Show code cell source
import matplotlib.pyplot as plt
engs = df_m3g['energy_per_atom'].values.copy()
engs_m3g = engs - lfp_relaxed_energy
engs = df_m3g_extras['energy_per_atom'].values.copy()
engs_m3g_extras = engs - lfp_relaxed_energy
engs = df_dft['energy_per_atom'].values.copy()
engs_dft = engs - engs.min()
plt.hist(engs_m3g, bins=100,alpha=0.5,density=True, label='m3g');
plt.hist(engs_m3g_extras, range=(0,1), bins=100,alpha=0.5,density=True, label='m3g-extras-4fu');
plt.hist(engs_dft, bins=100, range=(0,1), alpha=0.5, density=True, label='PBE + U')
plt.legend()
plt.xlabel('Energy per atom (eV)')
plt.ylabel('Probability density');
The two distributions, one from the DFT search and the other from M3GNet, do not differ much, indicating the M3GNet has done a good job here reproducing the energy landscape of the DFT.
Discussion#
For \(\ce{LiFePO4}\) M3GNet is capable of locating the low energy \(Cmcm\) phase as well as the \(Pnma\) phase, although there seems to be some complication with the latter, but it is very likely the true DFT ground state can be recovered after further DFT relaxation.
So can we use M3GNet for searching? Probably fine for \(\ce{LiFePO4}\), but are something one should note:
M3GNet appears to generate some false minima, which is unlikely to happen for DFT calculation despite the use of coarse settings.
On the other hand, M3GNet has much reduced calculation costs hence much more structures may be sampled. The true ground state can still be recovered even if there are false minima.

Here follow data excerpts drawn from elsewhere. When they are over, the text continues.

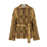 Make a statement by wearing our jacquard Geo Check belted coat from our capsule collection. The dropped shoulder makes it a relaxed comfortable fit with the belt allowing it to sculpt the body for a flattering look. The contrast of colours makes it an impressive coat to complement your autumn and winter wardrobe. Made purely from wool, fully lined and with a large collar, this coat integrates practicality, comfort and style together. The Italian fabric and Geo Check design combined, undoubtably exude elegance.
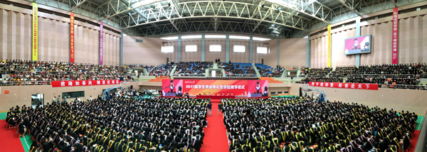 6月22日上午,我校舉行2017屆學生畢業典禮暨學位授予儀式。校領導,學校辦公室、宣傳部、學生處、教務處、研究生處、校團委、選培辦等部門負責人,各學院相關人員及畢業生家長等4600多人參加典禮。畢業典禮由校黨委副書記鄭志謙主持。
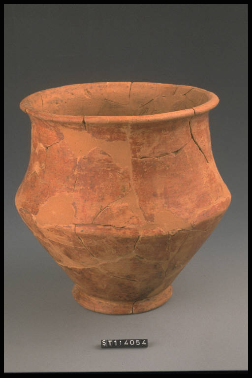 Urna biconica decorata a stralucido rosso nella parte superiore con motivi a onde e a fasce.
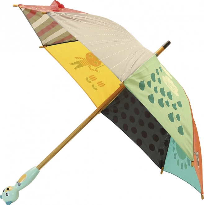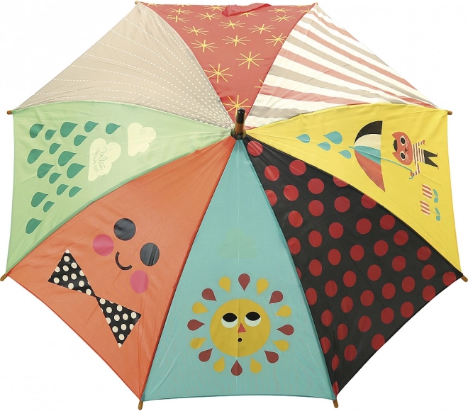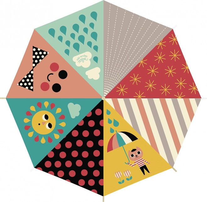 De paraplu is in Frankrijk gemaakt van hoogwaardige materialen met aandacht voor veiligheid en comfort voor kleine gebruikers. De ergonomische houten handgreep ligt ook in kleine kinderhanden goed en het soepele openen maakt zelfstandig gebruik eenvoudig.
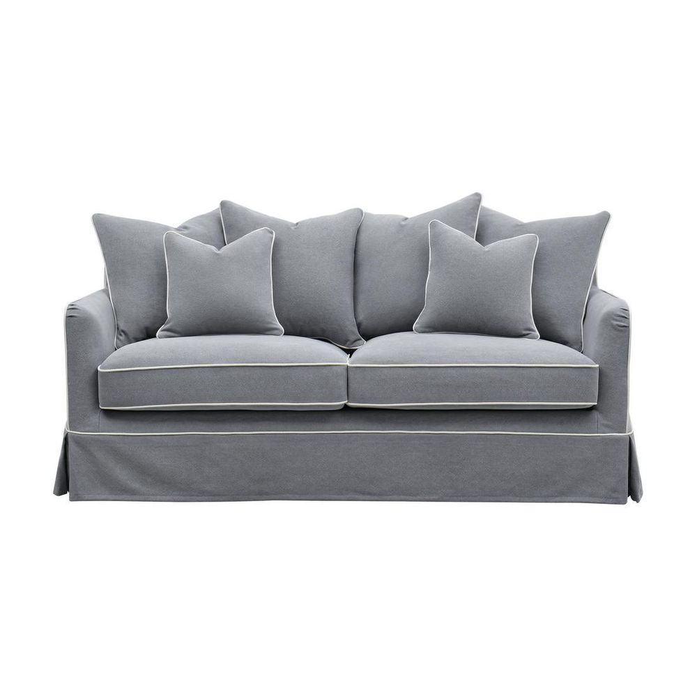 Slip Cover Only - Noosa Hamptons 2.5 Seat Sofa Grey W/White Piping
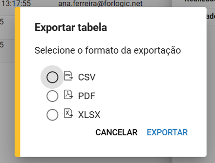 Além disso, é possível exportar os dados de um evento específico diretamente da janela de detalhes, também nos formatos CSV, PDF ou XLSX.
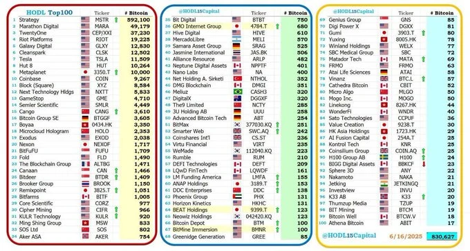 ➡️The BTC Treasury Holdings of Public Companies has surpassed 830,000 BTC worth over $82 BILLION! How long before we see over 1,000,000 BTC being held on company balance sheets?
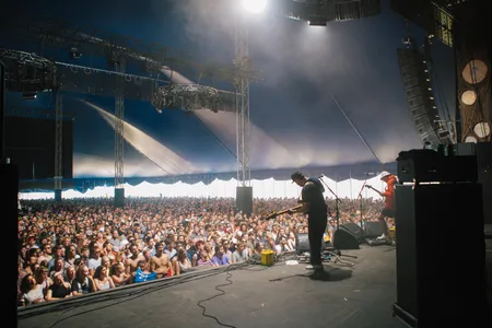 Voor het optreden wordt een filmpje gestart waarin Beavis & Butthead ‘Feel It Still’ aanvankelijk afzeiken maar uiteindelijk besluiten dat Portugal. The Man beter is dan The Beatles, The Stones en Silverchair en bijna net zo goed als Pantera. Bij opkomst verschijnt een Nederlandstalige boodschap op het scherm: de band is niet goed in soepele grappen, daarom heeft het management slogans geschreven. En de slogans, die komen. Er staat: ‘Real bands don’t need singers’. Er staat ‘Y’all like smoking weed!’ En aan het eind: ‘THANK YOU ‘CITY NAME'’. Het is net zo nietszeggend als studentikoos. Bloodhound Gang is nog grappiger.
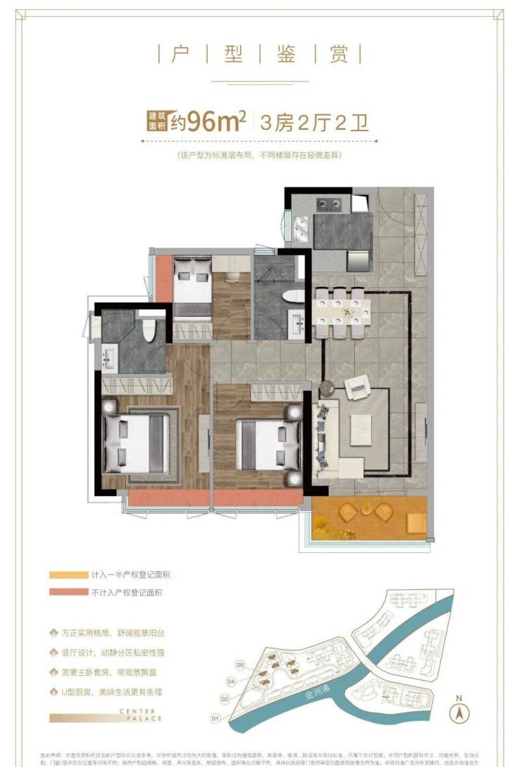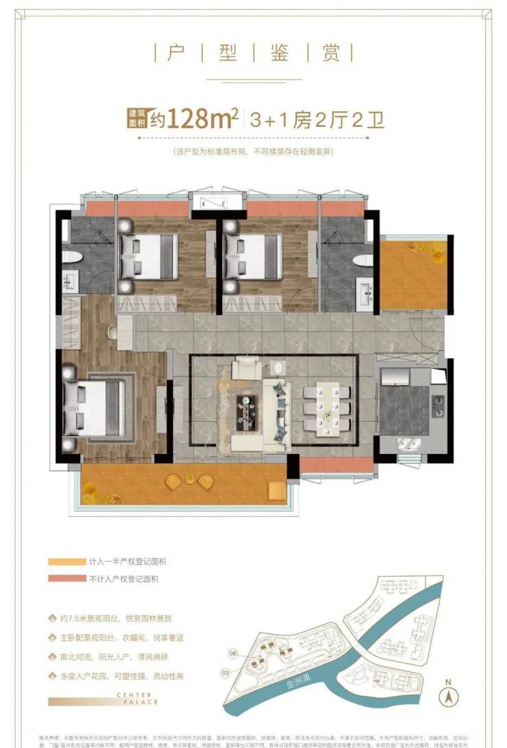 整个项目总占地约8.3万㎡,总建筑面积约35万㎡,内部分为A、B、C、D共4个区域,每一区之间有金洲涌分隔。由于是旧改项目,所以C、D区用作回迁安置,共有8栋,以两梯六户跟两梯四户为主。A、B区8栋为商品房。
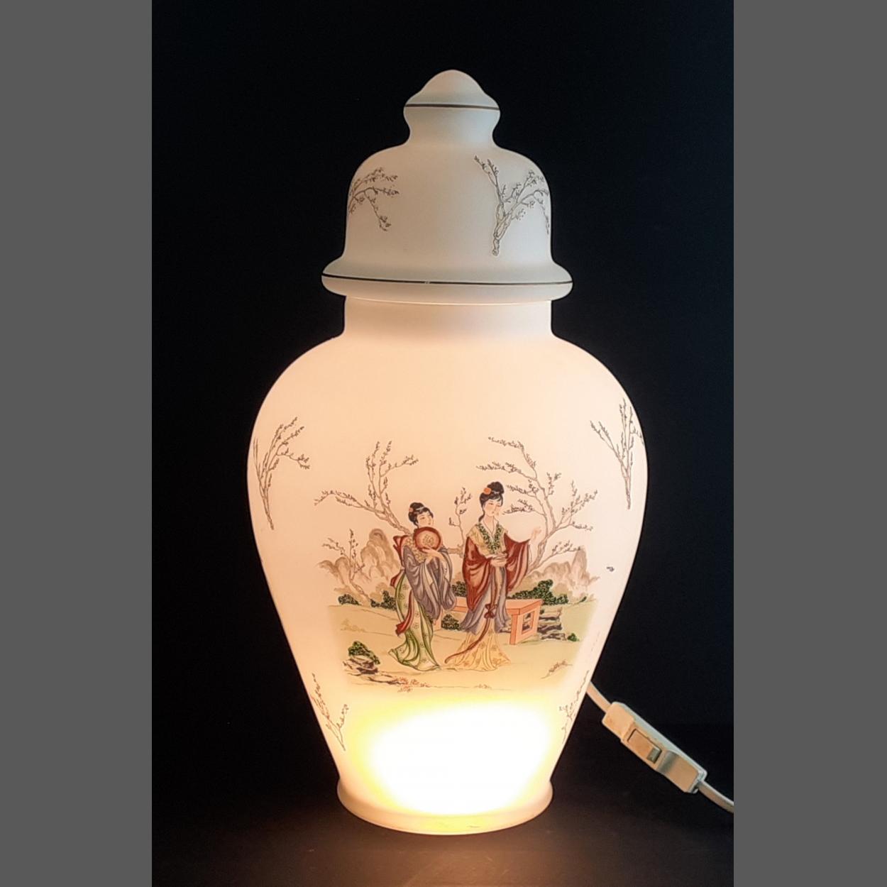 Attractive large oriental glass table lamp with cover and Japanese scene design. Stands 40cm approx.
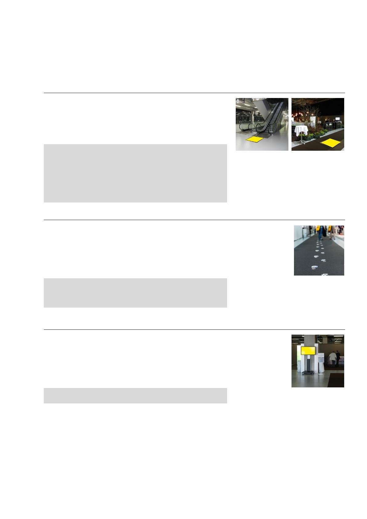 Emplacement À l’entrée de la halle et à des endroits fréquentés dans la halle
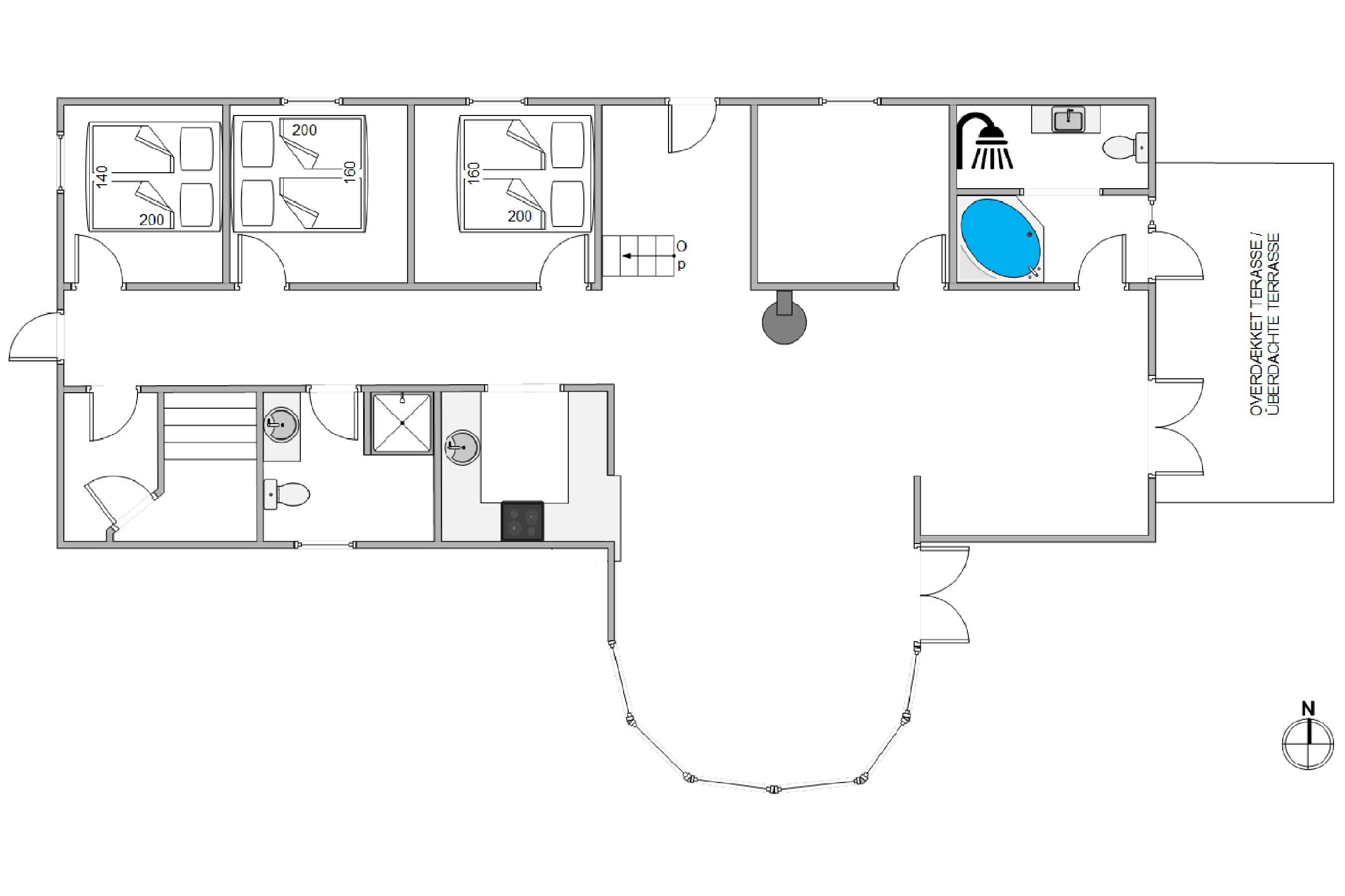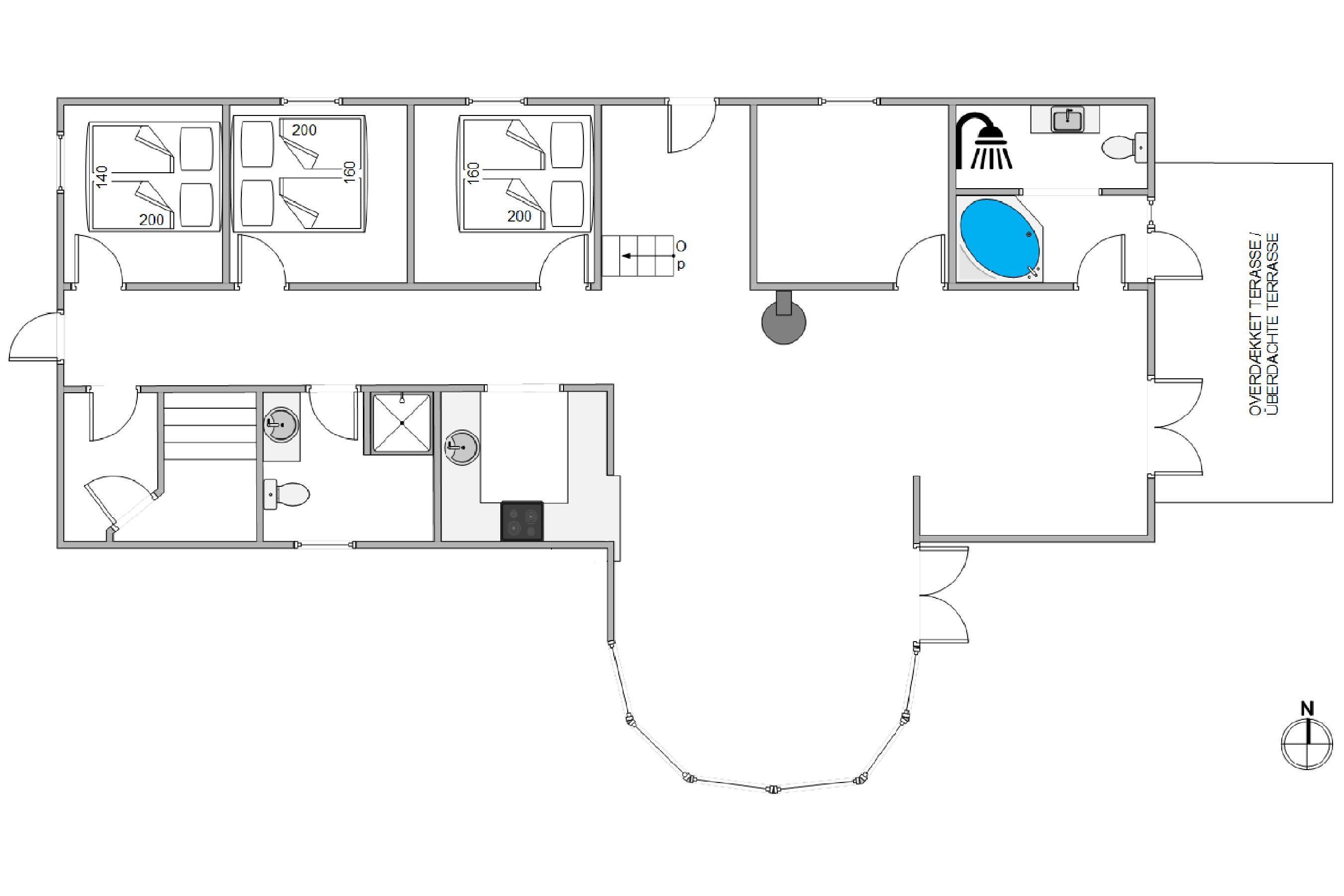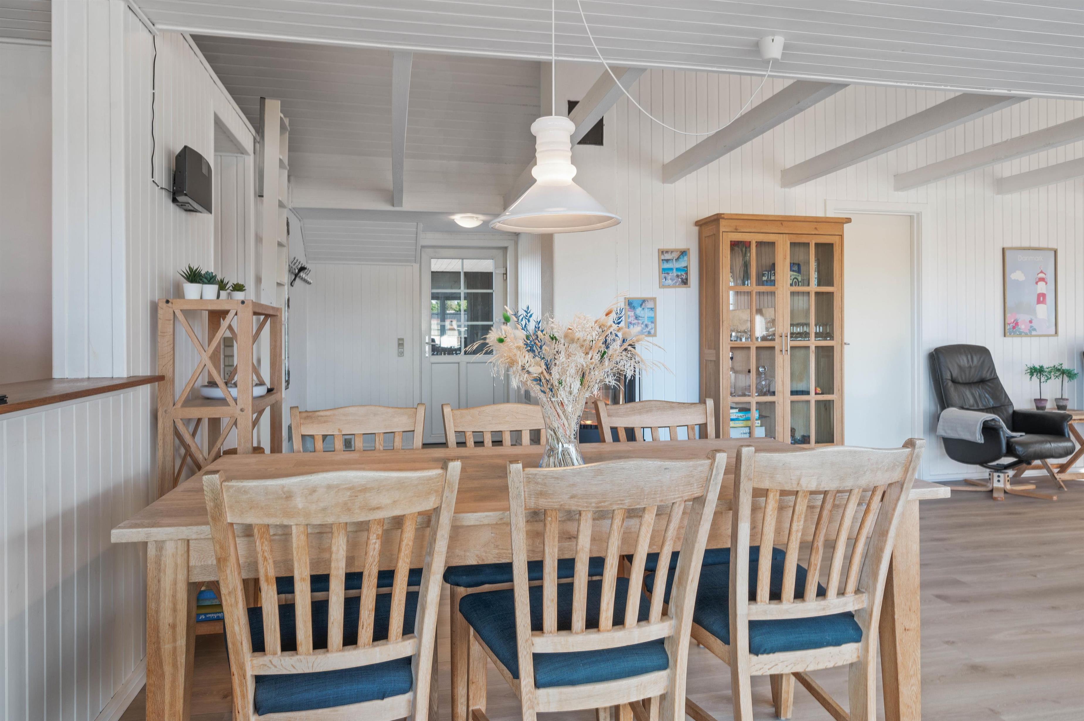 The heart of the house is undoubtedly the spacious open-plan kitchen, dining and living area. Here you can relax on the sofa while the wood-burning stove provides a comfortable warmth. The living and dining area is equipped with comfortable furniture, wood-burning stove, flat-screen TV and table football.
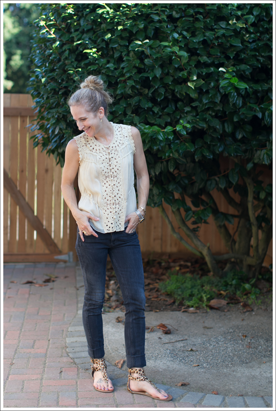 So the inseam on these J Brand jeans is a little long (even though I’m 5′ 8″, my legs are the size of someone who is at best 5′ 6″). At first I thought I couldn’t make them work, but then…I kind of like them a little unzipped. Thoughts??
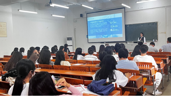 中国建设银行黄志敏主任对中国建行及其广东省分行进行介绍,对“行有建树 梦无边疆!建行广东省分行2024年度秋季校园招聘”情况做了简要阐述,对招聘岗位情况、要求以及职业晋升途径做了详细的阐述,并鼓励和欢迎毕业生们进行网申(截止时间为10月13日),加入中国建设银行。
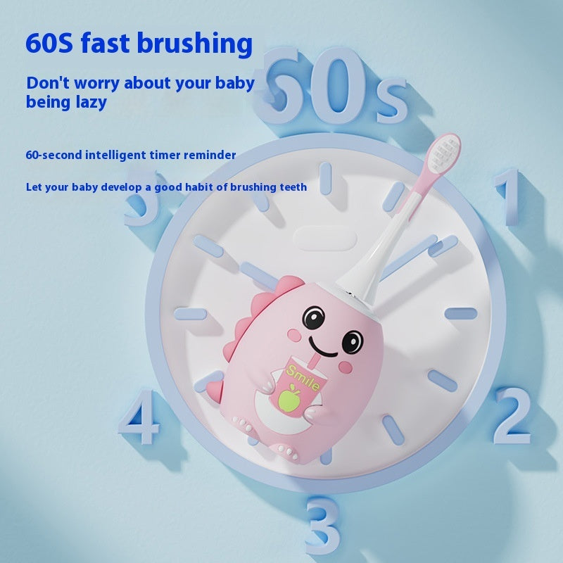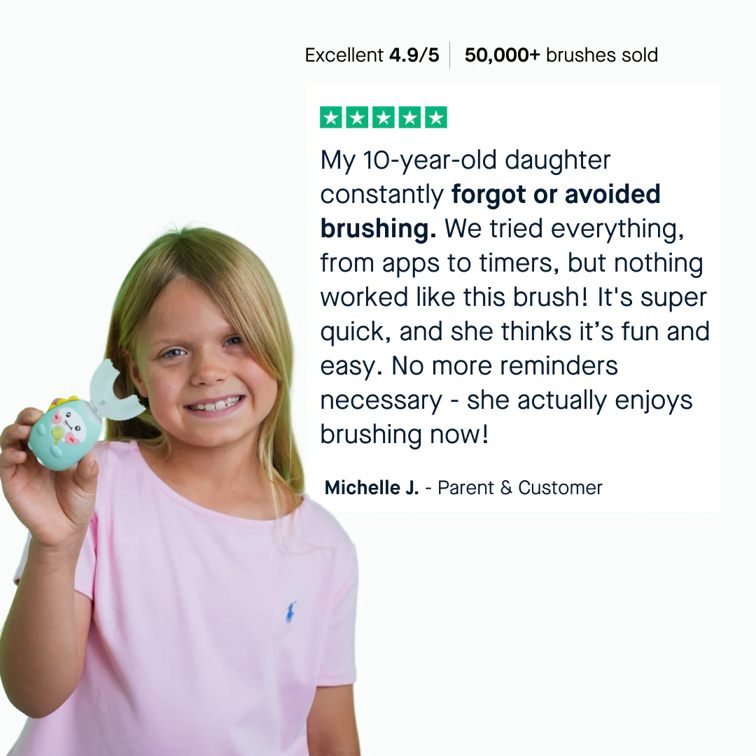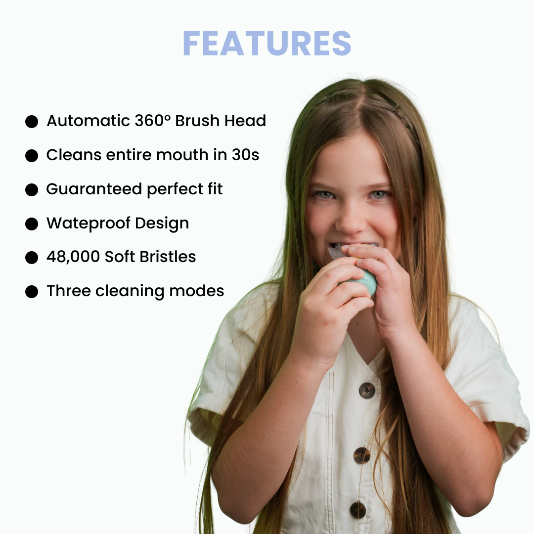 The Mesa Bellezza DinoGlow™ Smart Brush uses a soft U-shaped mouthpiece lined with gentle silicone bristles. Once placed in your child’s mouth, ultrasonic vibrations deliver a full 360° clean in just 45 seconds, covering every tooth at once. The waterproof, rechargeable design makes it easy for kids to use daily, while parents enjoy peace of mind knowing every brushing session is thorough, safe, and effective.

One should note that M3GNet is built from a vast database of DFT calculations which already contains the target structures, while a DFT search does not rely on any pre-existing data apart from some estimate specie-wise distances.
The Materials Project contains many data for oxide and phosphates, in addition it also has relative large set of data for \(\ce{LiFePO4}\) polymorphs.
Hence, further tests are need to answer if M3GNet work well where the ground state is not included in the training set.